Intravascular Lithotripsy for the Treatment of Peripheral Artery Calcification: Results from the Disrupt PAD III Observational Study

Tuesday, March 7, 2023

3:18 PM – 3:27 PM

Location: Phoenix Convention Center, 225AB

Presenting Author(s)

Andrew Holden, ONZM, MBChB, FRANZCR, EBIR

Associate Professor
Aukland District Health Board / Auckland Hospital

Disclosure(s): Boston Scientific: Advisory Committee or Review Panel Member (Ongoing); Gore: Advisory Committee or Review Panel Member (Ongoing); Medtronic: Advisory Committee or Review Panel Member (Ongoing); Philips: Advisory Committee or Review Panel Member (Ongoing)

Disclosure(s):

Andrew Holden, ONZM, MBChB, FRANZCR, EBIR: Boston Scientific: Advisory Committee or Review Panel Member (Ongoing); Gore: Advisory Committee or Review Panel Member (Ongoing); Medtronic: Advisory Committee or Review Panel Member (Ongoing); Philips: Advisory Committee or Review Panel Member (Ongoing)

Purpose: To evaluate the performance of intravascular lithotripsy (IVL) in the treatment of calcified peripheral artery disease (PAD).

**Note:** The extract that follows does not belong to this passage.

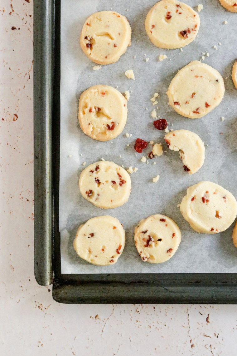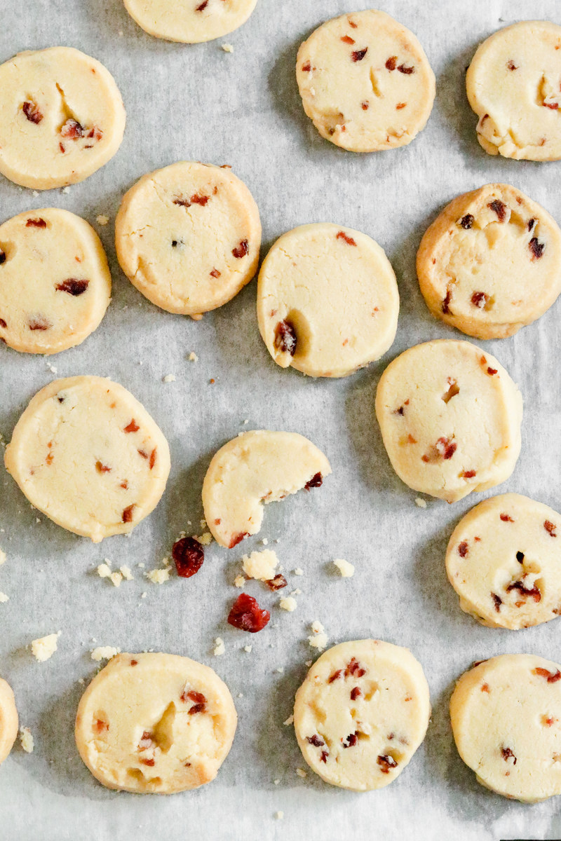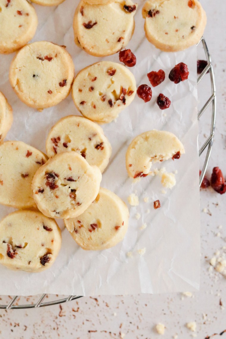 I usually make these as plain shortbread cookies (they are simply sublime with a cup of tea), but in this version I decided to add dried cranberries and they were fabulous. You could absolutely play around with this recipe and add chopped nuts, chocolate or spices instead – have fun with it! You can also dust the cookies with some icing sugar before serving if you wish.

Materials and Methods: The Disrupt PAD III Observational Study (OS) is a prospective, multicenter, single-arm, independent core lab-assessed study designed to evaluate the acute safety and effectiveness of the Shockwave Peripheral IVL System. Multivariate analysis was performed to assess independent predictors of stenosis reduction and angiographic complications.

Results:

1373 patients with 1677 lesions were enrolled between November 2017 and June 2021 (mean age 72.0 ± 9.0 years; 70.5% male) across 30 international sites. 91.3% (1531/1677) of the lesions were core-lab evaluable. Hypertension (93.9%), diabetes mellitus (55.5%), and renal insufficiency (27.4%) were frequent comorbidities; 36% had critical limb ischemia, and 78.7% were smokers. Diameter stenosis, lesion length, and PARC-defined moderate-severe calcification at baseline were 80.6 ± 17.6%, 93.5 ± 74.3mm, and 89.9%, respectively. Treated vessels included femoropopliteal (60.7%), iliac (15.8%), common femoral (10.7%) and infrapopliteal arteries (12.8%). Target lesions included 31% CTOs, 19.3% long lesions (≥15 cm), and 20.1% eccentric lesions. Concomitant use of atherectomy and/or specialty balloon technology was observed in 22.1% of lesions. Residual stenosis immediately following IVL treatment and at the end of the procedure was 32.5 ± 16.3% and 23.8 ± 11.3%, respectively. After final treatment, the rate of serious angiographic complications was low (0.7% flow-limiting dissections, 0.2% perforations) with no abrupt closure, distal embolization, no flow, or thrombotic events. Independent predictors for final residual stenosis ≤30% were lesion length ≥15 cm (OR: 0.384 [0.283-0.521]), female sex (OR: 1.850 [1.376-2.489]), age ≤75 years (OR: 1.625 [1.247-2.117]), IVL balloon to artery ratio ≥1.0 (OR: 1.538 [1.189-1.989]), and CTO (OR: 0.638 [0.482-0.844]). Lesion length ≥15cm was an independent predictor for serious angiographic complications (OR: 16.076 [3.394-76.152]).

Conclusion:

Peripheral IVL demonstrated excellent procedural safety, with low rates of serious angiographic complications, and a marked reduction in the final residual stenosis in heavily calcified, complex PAD lesions. The Disrupt PAD III OS represents the largest analysis of periprocedural outcomes following IVL treatment. The importance of appropriate IVL balloon sizing was confirmed by multivariate analysis.